You’ve found your seat, stowed your hand luggage, fastened your seat belt and watched the safety video. You’re ready for take off. But now what is there for you to do?

Even shorter flights have you staring at the seat in front for more than an hour while longer flights are even more boring. But Jetstar, Australia’s newest low-fare airline, is now offering passengers video-on-demand service on selected flights.

Passengers can hire a digEplayer (pictured) to watch moves, TV shows, music videos, cartoons and comedies. The portable device has an 18cm colour LCD screen and is a bit smaller than a medium-thickness hardcover book. The unit has a hard drive containing the entertainment content passengers can access through a simple menu system on the home screen.

Qantas, on its domestic flights, offers a shared LCD screen that flips down. But, in this case, passengers have no control over what they watch.

The beauty of Jetstar’s digEplayer system is that you can choose what to watch, when you feel like it. If you start watching a movie and just can’t get into it, you can stop it and choose another.

And just like your DVD player at home, you can also put the system on pause if nature calls. Jetstar project manager Ben Pfisterer says the digEplayer has been a popular item on their flights.

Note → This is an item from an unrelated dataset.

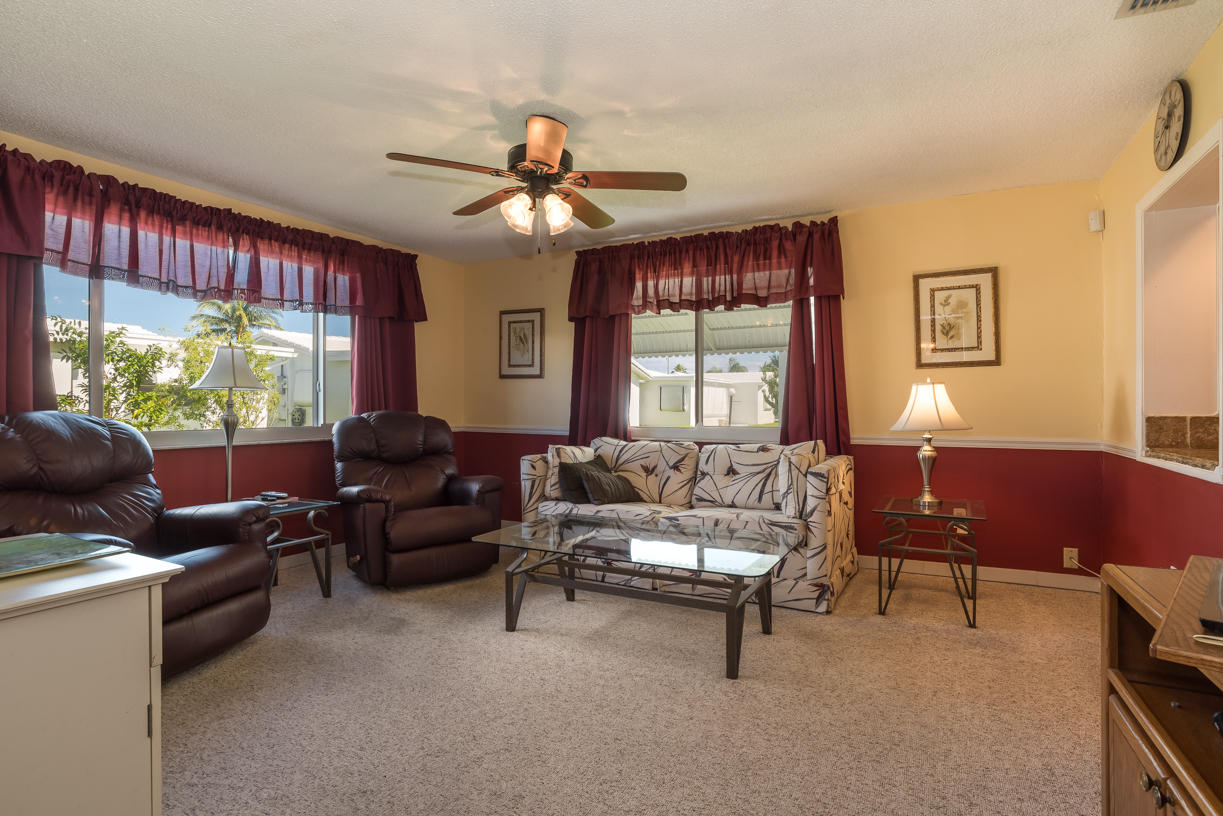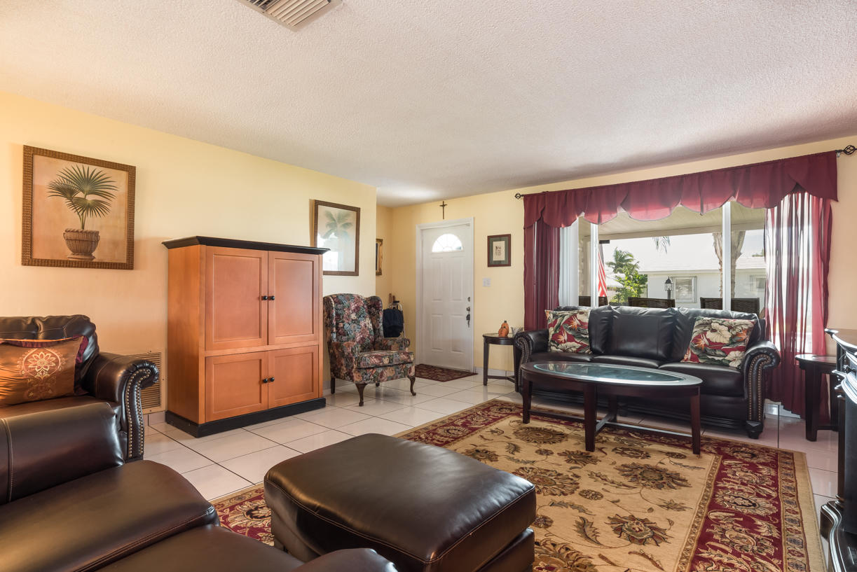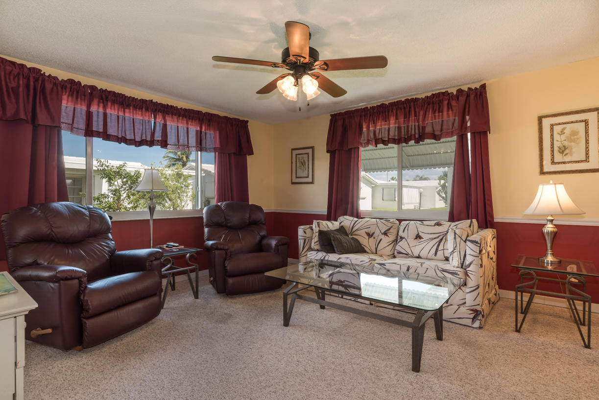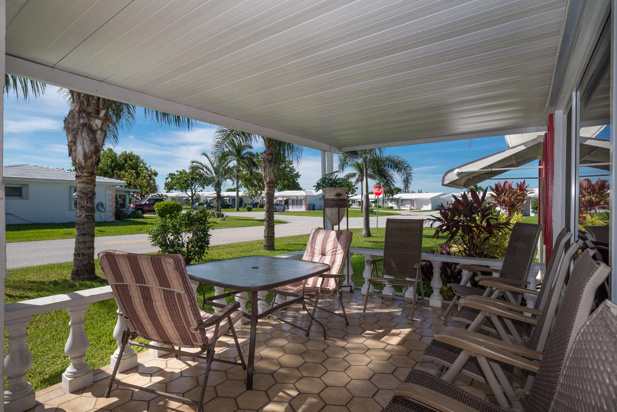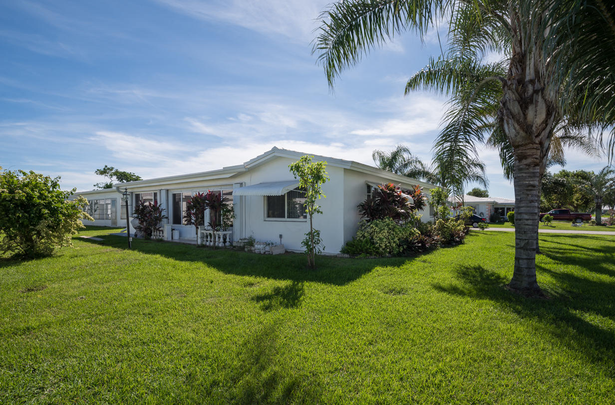 Stunning home in lovely, friendly Leisureville! Free golf for owners on a 9 hole executive golf course. HOA fee includes lawn care, water, sewer, outside house painting, roof cleaning, all community amenities. Includes 2 club houses, 2 heated pools & all activities. Free curtesy bus also runs daily.Very large 3286 sq ft. corner lot has wrap around landscaping. NO LAND LEASE! New roof in 2014. Entertaining Front Porch. Double wide paved driveway. Hurricane rated garage door & opener, Beautiful 24'' Tile Flooring. Pets OK. Since January 2015 the following have been purchased new: air conditioner/air handler, washer/dryer, stove, refrigerator, disposal, water heater and ADT security system, hurricane impact glass windows. Don't miss this great buy! Drapes/curtains not included

“It’s going really well, especially on the longer sectors,” he says. Hiring the digEplayer costs $7 for flights up to 90 minutes long and $10 for flights as long as three and a half hours.

“A lot of parents traveling with kids say it’s the cheapest babysitter they’re going to have,” Pfisterer says. Longer flights give passengers the chance to watch an entire movie or a few TV shows.

Passengers on shorter flights have been known to watch the first half of the film on the way to their destination and the other half on the way home. There are a number of portable entertainment products on the market but Pfisterer says not may passengers carry them on board.

“I’m surprised at the lack of portable devices people bring on board,” he says. “They might have watched or listened to their contents or just simply don’t want to travel with them.”

Pfisterer says Jetstar did look at the option of making live TV available to their passengers.

He explains: “TV is a bit of a hit or miss approach because you never know what’s going to be one. A movie or TV show might have, already started by the time you’re ready to watch,” he says.

Some of the films on offer using the digEplayer are Mr and Mrs Smith, Harry Potter and the Prisoner of Azkaban, Dark Water, Sisterhood of the Traveling Pants and Herbie Fully Loaded.

If passengers want to watch TV shows they can choose from The Office, The Simpsons, Friends, Kath and Kim, Scrubs, Arrested Development and Two and a Half Men. Music videos include the latest from Coldplay, U2, Nelly and Joss Stone.

There are also hundreds of audio-only tracks to choose from.